Entrepreneurs Go Where Doctors Can’t and Third-Party Payers Won’t
Before you ever approach your doctor's office, your third-party insurer has already determined what tasks will be paid for, what tasks will not and how much will be paid. As a result, doctors are not free to repackage and reprice their services the way other professionals do.
However, entrepreneurs are developing products that doctors cannot and are doing so largely outside the third-party payer system. Here are some examples provided by a CNN news story:
- Over the past two years, the number of retail clinics in pharmacies, supermarkets and big discount stores has jumped from 200 to 1,100.
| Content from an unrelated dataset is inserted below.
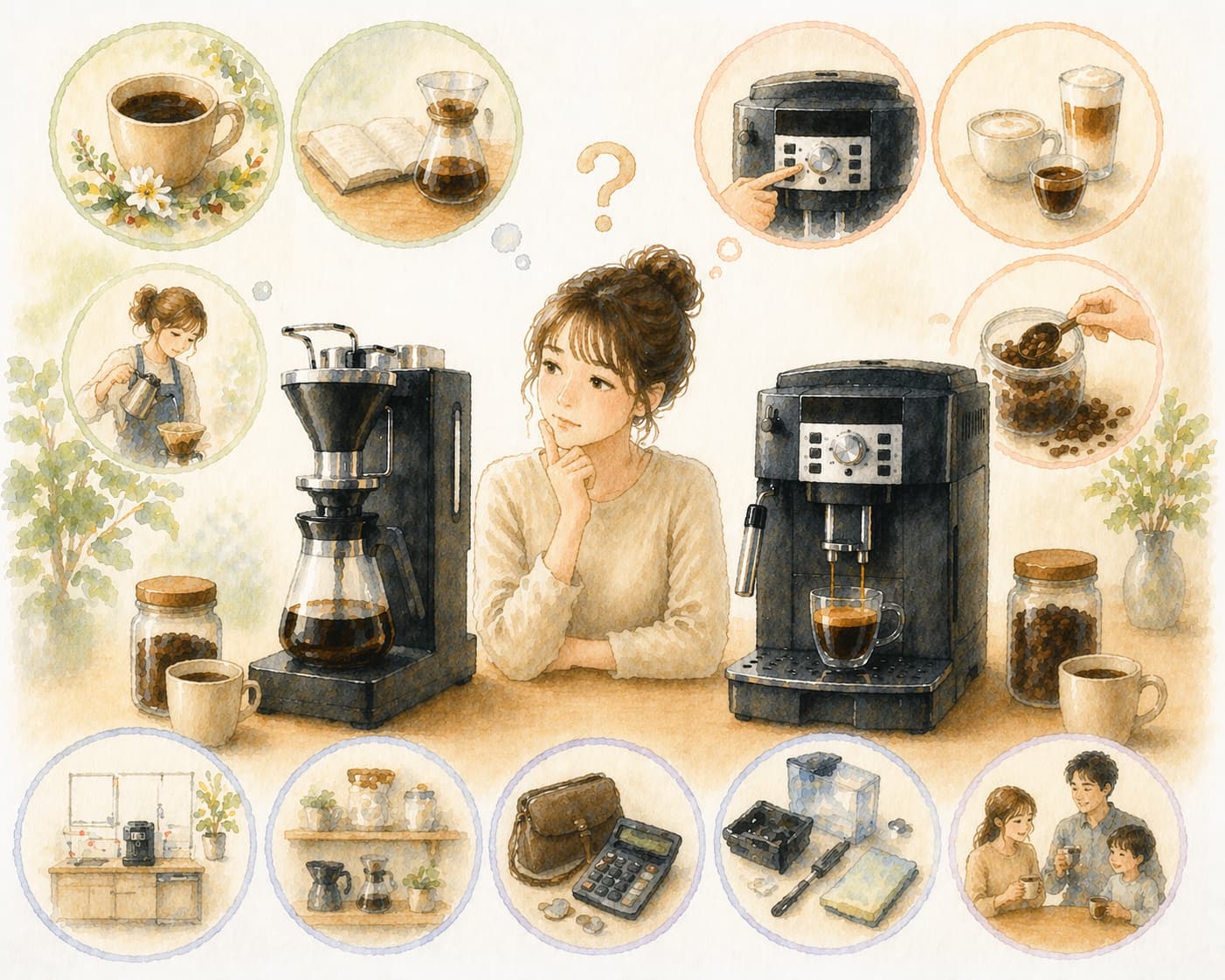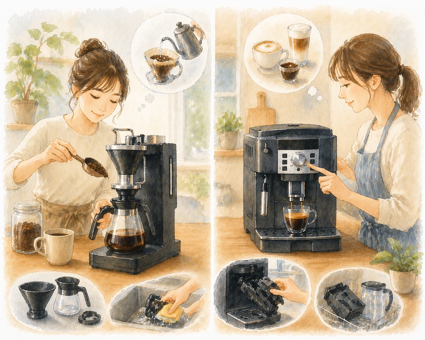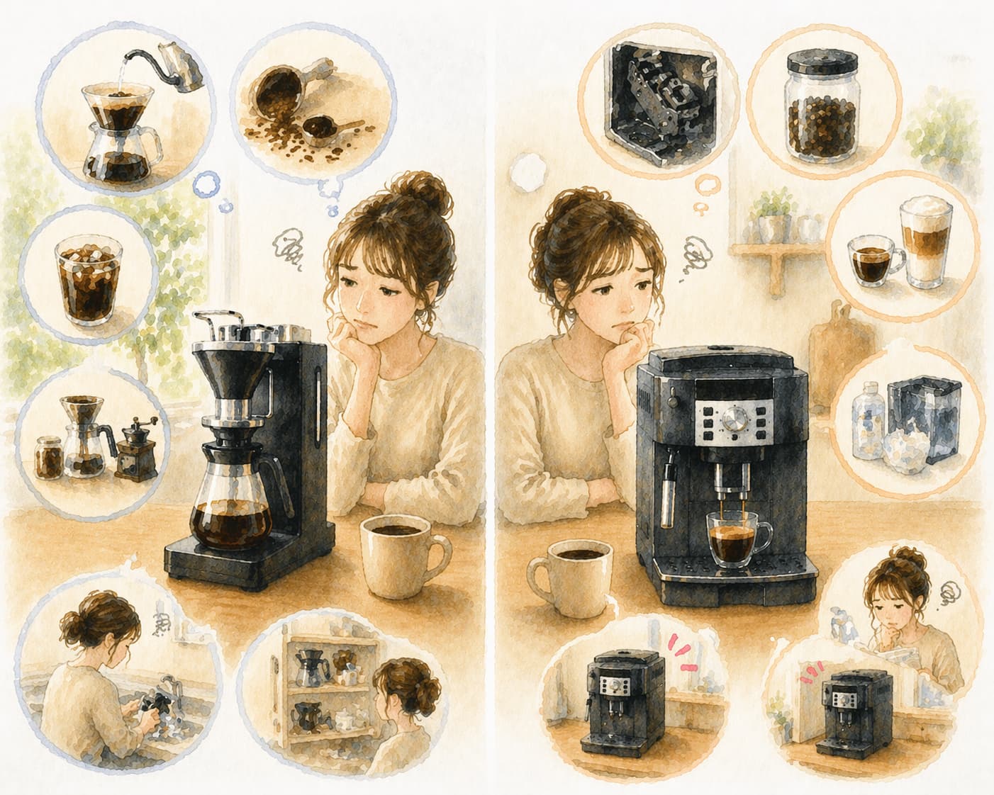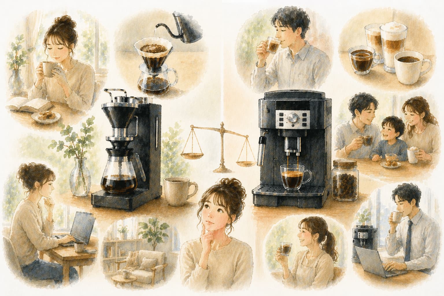 どちらが優れているかではなく、ドリップ派として楽しみたいのか、全自動派として便利に続けたいのかで選ぶことが、満足しやすい近道になります。

- Nearly a third of companies have a clinic or are planning to open one by 2009, according to Watson Wyatt.
- Urgent care clinics are in almost every city of any reasonable size and are usually out-of-network providers.
- A relatively small number of physicians currently offer "Web visits," but are not usually covered by insurance.
I think this is one of the great untold stories in health care. Other people — employers, nurses, entrepreneurs — are able to do what doctors generally cannot do, because they are harnessed and reined in by federal law and insurance compnay bureaucracies.
Notice that all of these innovative services are helping patients economize on time.
This is in contrast to the orthodox third party payer system, where a bureaucracy pays the bills and provider services are rationed by waiting.